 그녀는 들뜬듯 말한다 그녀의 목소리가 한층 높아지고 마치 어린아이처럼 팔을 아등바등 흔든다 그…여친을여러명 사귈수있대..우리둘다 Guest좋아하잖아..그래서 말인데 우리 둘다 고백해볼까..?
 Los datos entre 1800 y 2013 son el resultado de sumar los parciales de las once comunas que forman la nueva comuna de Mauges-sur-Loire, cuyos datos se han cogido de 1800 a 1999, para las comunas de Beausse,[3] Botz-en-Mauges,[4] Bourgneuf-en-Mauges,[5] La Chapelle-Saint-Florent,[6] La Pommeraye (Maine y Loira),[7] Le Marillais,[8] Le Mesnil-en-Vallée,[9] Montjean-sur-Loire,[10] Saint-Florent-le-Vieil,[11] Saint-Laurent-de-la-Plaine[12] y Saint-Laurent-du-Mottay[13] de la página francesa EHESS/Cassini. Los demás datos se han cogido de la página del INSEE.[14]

• • • •

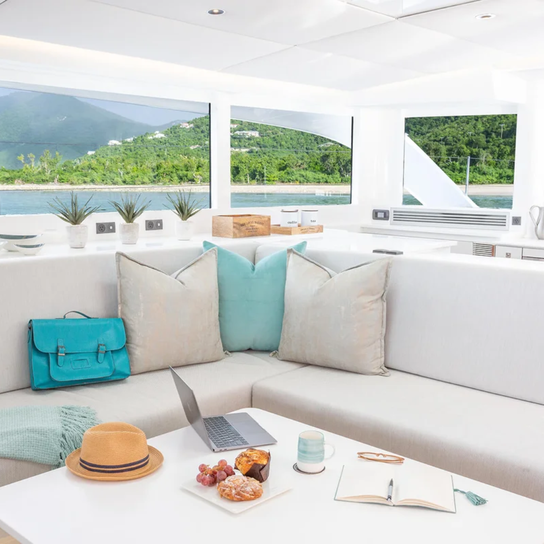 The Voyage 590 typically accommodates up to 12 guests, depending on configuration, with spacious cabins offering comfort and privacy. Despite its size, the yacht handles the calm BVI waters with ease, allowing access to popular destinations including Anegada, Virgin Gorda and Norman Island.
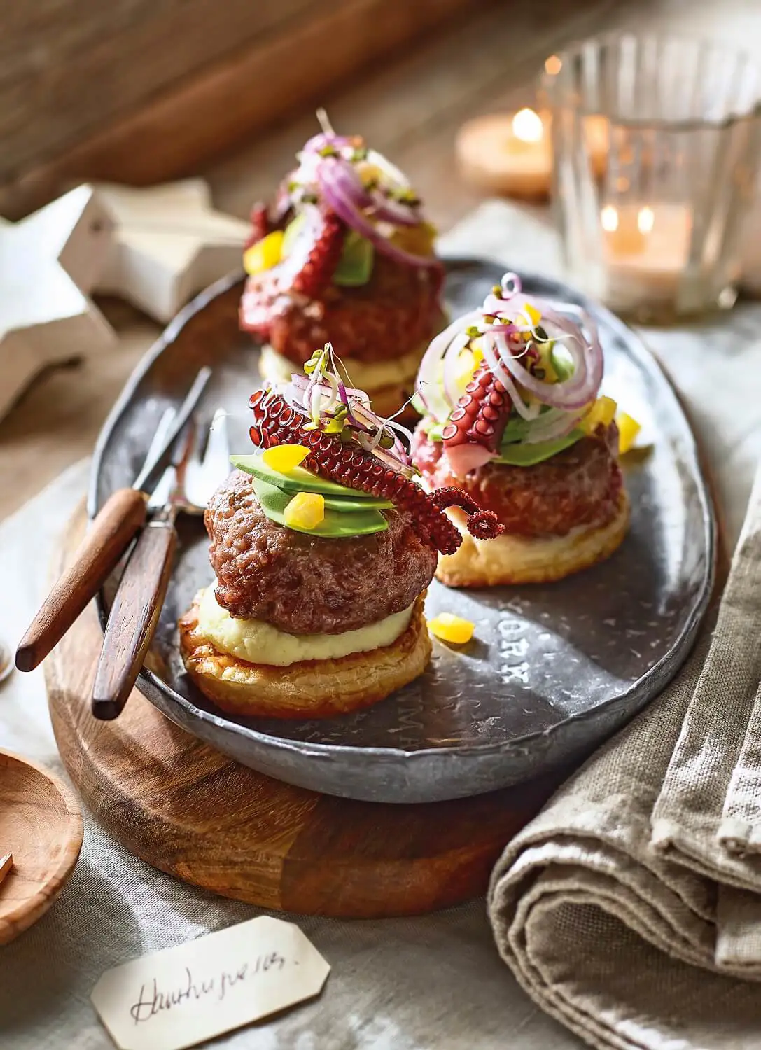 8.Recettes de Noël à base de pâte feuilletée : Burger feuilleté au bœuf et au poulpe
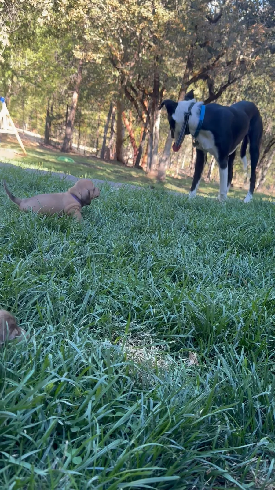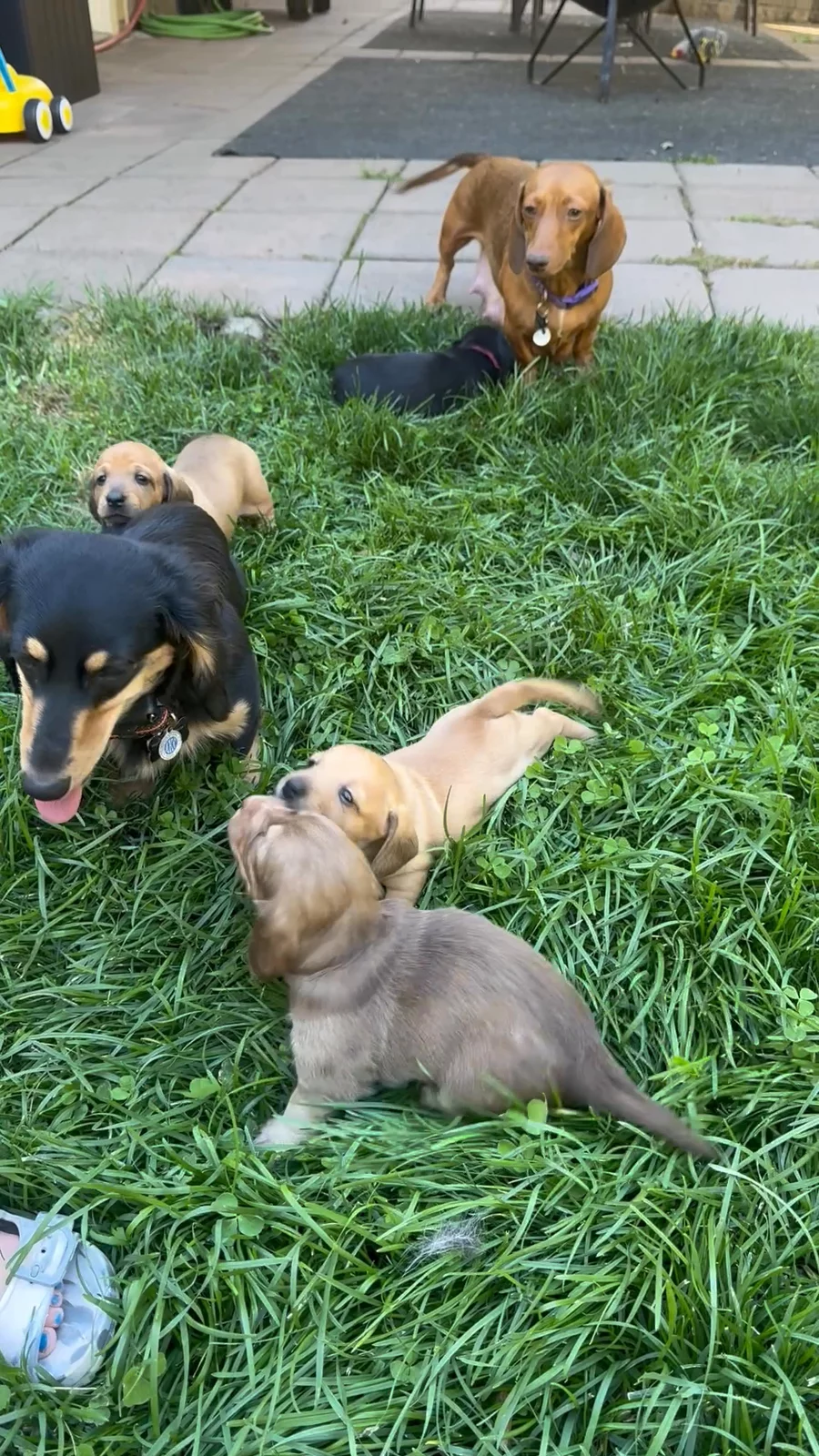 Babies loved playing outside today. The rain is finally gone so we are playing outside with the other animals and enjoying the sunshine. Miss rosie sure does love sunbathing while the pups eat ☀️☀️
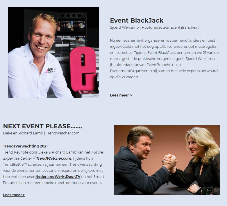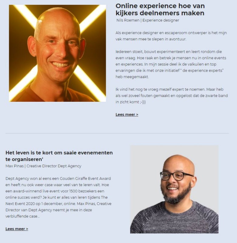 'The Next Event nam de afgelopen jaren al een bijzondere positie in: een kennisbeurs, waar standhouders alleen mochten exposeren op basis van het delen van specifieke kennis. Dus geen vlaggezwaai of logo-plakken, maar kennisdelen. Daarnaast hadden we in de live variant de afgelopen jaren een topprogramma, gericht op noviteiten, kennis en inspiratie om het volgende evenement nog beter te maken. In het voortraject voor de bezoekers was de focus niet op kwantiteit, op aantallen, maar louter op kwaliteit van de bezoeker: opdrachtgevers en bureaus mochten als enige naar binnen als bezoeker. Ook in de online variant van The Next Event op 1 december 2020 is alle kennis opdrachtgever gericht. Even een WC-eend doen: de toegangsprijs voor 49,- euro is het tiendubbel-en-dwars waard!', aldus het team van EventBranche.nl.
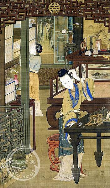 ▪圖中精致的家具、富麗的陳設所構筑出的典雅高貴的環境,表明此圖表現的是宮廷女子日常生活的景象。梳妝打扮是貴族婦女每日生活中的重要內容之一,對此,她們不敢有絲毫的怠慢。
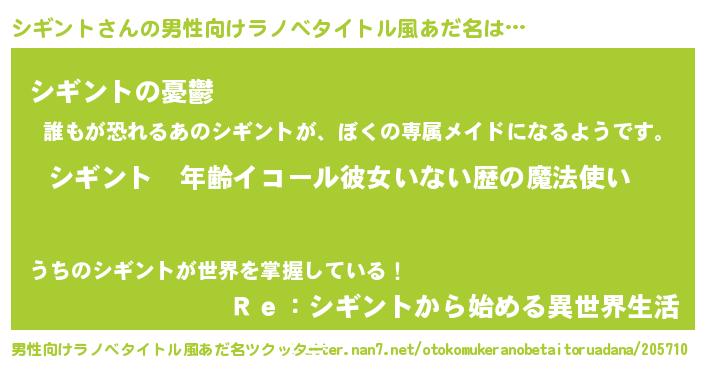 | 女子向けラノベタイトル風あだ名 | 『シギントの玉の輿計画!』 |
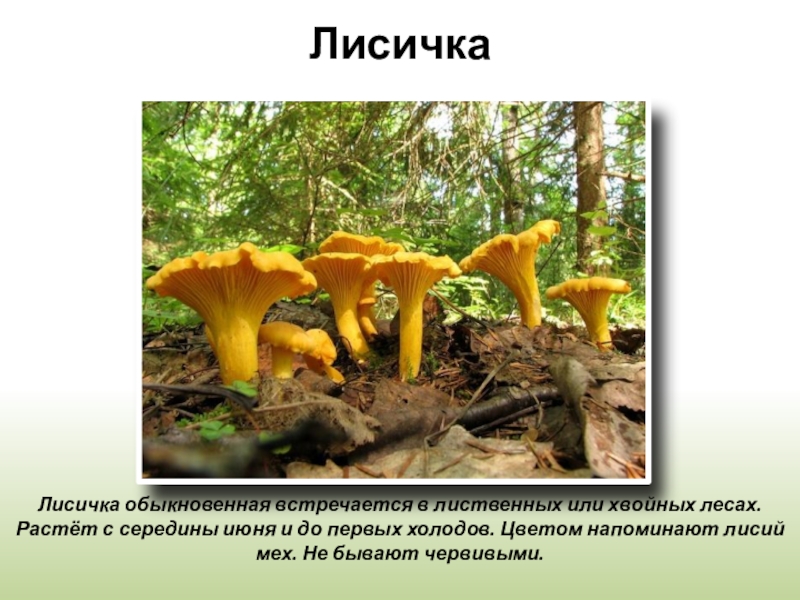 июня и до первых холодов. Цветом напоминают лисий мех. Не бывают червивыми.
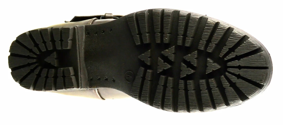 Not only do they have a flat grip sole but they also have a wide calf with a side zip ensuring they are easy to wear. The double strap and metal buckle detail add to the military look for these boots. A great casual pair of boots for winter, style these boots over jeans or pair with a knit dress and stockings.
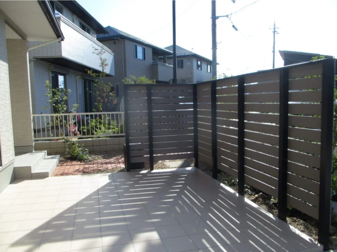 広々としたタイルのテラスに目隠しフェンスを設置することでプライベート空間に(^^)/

• • • •

> [Work item]: Once the line with "Not only do" is found above, transcribe each line from it through the line with "広々としたタイルのテラスに目", exactly, and omit the pictures.

> [Answer box]:
 Not only do they have a flat grip sole but they also have a wide calf with a side zip ensuring they are easy to wear. The double strap and metal buckle detail add to the military look for these boots. A great casual pair of boots for winter, style these boots over jeans or pair with a knit dress and stockings.
 広々としたタイルのテラスに目隠しフェンスを設置することでプライベート空間に(^^)/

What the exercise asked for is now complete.